Question

If function is given by ${{x}^{y}}={{e}^{x-y}}$ then $\dfrac{dy}{dx}=$
(a) $\dfrac{\log x}{{{\left( 1+\log x \right)}^{2}}}$
(b) $-\dfrac{\log x}{{{\left( 1+\log x \right)}^{2}}}$
(c) $-\dfrac{\log x}{{{\left( 1-\log x \right)}^{2}}}$
(d) $\dfrac{\log x}{{{\left( 1-\log x \right)}^{2}}}$

Answer 1

Here, first we will convert the given equation ${{x}^{y}}={{e}^{x-y}}$ in form of log by using the formula $n\log m=\log {{m}^{n}}$ . Then, we will have an equation like this $y\log x=\left( x-y \right)$ . We will then differentiate this with respect to x. We will be using the formula $\dfrac{d}{dx}\left( xy \right)=x\dfrac{dy}{dx}+\dfrac{dx}{dx}\cdot y$ , $\dfrac{d}{dx}\log x=\dfrac{1}{x}$ , $\dfrac{d}{dx}x=1$ . Thus, on solving we will get the answer.

Complete step-by-step solution:
Here, we are given the equation ${{x}^{y}}={{e}^{x-y}}$ . So, we will use the formula $n\log m=\log {{m}^{n}}$ .
We will first multiply with $\log$ on both the sides.
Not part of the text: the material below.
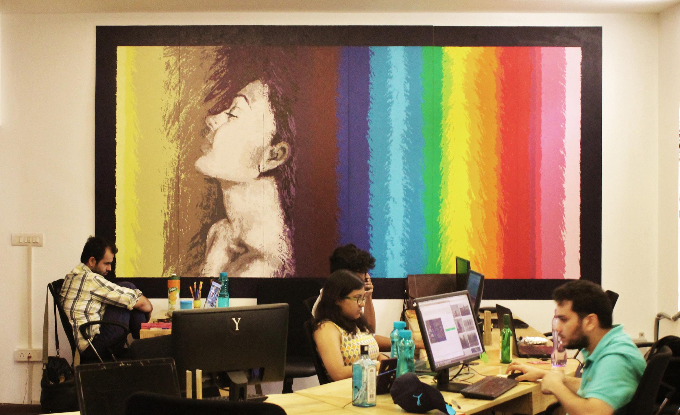 This 96 sq.ft larger-than-life f igurative painting captures the f leeting feeling of complete bodily autonomy while deconstructing the iconic LGBTQ f lag colors in layered “goopy” textures. Commissioned within Youth Ki Awaaz‘s off ice space to echo the company’s pioneering role in journalism on the issues of gender, sexuality, and LGBTQ rights - often taboo topics in Indian society, especially in the workplace – the installation explicitly creates an inclusive safe space and also serves as a symbol for the freedoms worth f ighting for.

So, we get as
$\log {{x}^{y}}=\log {{e}^{x-y}}$
Now, we will apply the formula $n\log m=\log {{m}^{n}}$ so, we get as
$y\log x=\left( x-y \right)\log e$
Now, we will assume that $\log e={{\log }_{e}}e=1$ because we know the formula ${{\log }_{n}}n=1$ . So, we get equation as
$y\log x=\left( x-y \right)$ ……………..(1)
Now, we will differentiate the equation with respect to x. We can write it as
$\dfrac{d}{dx}\left( y\log x \right)=\dfrac{d}{dx}\left( x-y \right)$
Here, we will use the product rule i.e. given as $\dfrac{d}{dx}\left( xy \right)=x\dfrac{dy}{dx}+\dfrac{dx}{dx}\cdot y$ . So, here we will take x as y and y as $\log x$ . So, we can write it as
$y\dfrac{d}{dx}\log x+\dfrac{dy}{dx}\cdot \log x=\dfrac{d}{dx}x-\dfrac{dy}{dx}$
Now, we know that differentiation of $\dfrac{d}{dx}\log x=\dfrac{1}{x}$ , $\dfrac{d}{dx}x=1$ . So, we can write it as
$y\cdot \dfrac{1}{x}+\dfrac{dy}{dx}\cdot \log x=1-\dfrac{dy}{dx}$
Now, taking $\dfrac{dy}{dx}$ terms on left side and other terms on right side, we get as
$\dfrac{dy}{dx}+\dfrac{dy}{dx}\cdot \log x=1-y\cdot \dfrac{1}{x}$
On taking $\dfrac{dy}{dx}$ common, we get as
$\dfrac{dy}{dx}\left( 1+\log x \right)=1-\dfrac{y}{x}$
On further simplification, we can write it as
$\dfrac{dy}{dx}=\dfrac{x-y}{x\left( 1+\log x \right)}$
Now, from equation (1), we will put value of $x-y$ so, we get as
$\dfrac{dy}{dx}=\dfrac{y\log x}{x\left( 1+\log x \right)}$ ………………..(2)
Now, from equation (1) i.e. $y\log x=\left( x-y \right)$ we can write it as $y\log x+y=x$ . On taking y common we get as
$y\left( \log x+1 \right)=x$
$\dfrac{y}{x}=\dfrac{1}{\left( \log x+1 \right)}$
We will substitute this value in the equation (2) so, we get as
$\dfrac{dy}{dx}=\dfrac{\log x}{{{\left( 1+\log x \right)}^{2}}}$
Thus, option (a) is the correct answer.

Note: Students should know the formula of differentiation and formulas related to it otherwise it will become difficult to solve and the answer will be incorrect. Also, remember we have taken $\log e={{\log }_{e}}e=1$ if we take this as log e base 10 then the answer will be some numeric value and the answer will be totally changed. So, be careful in assuming the things and in order to avoid mistakes.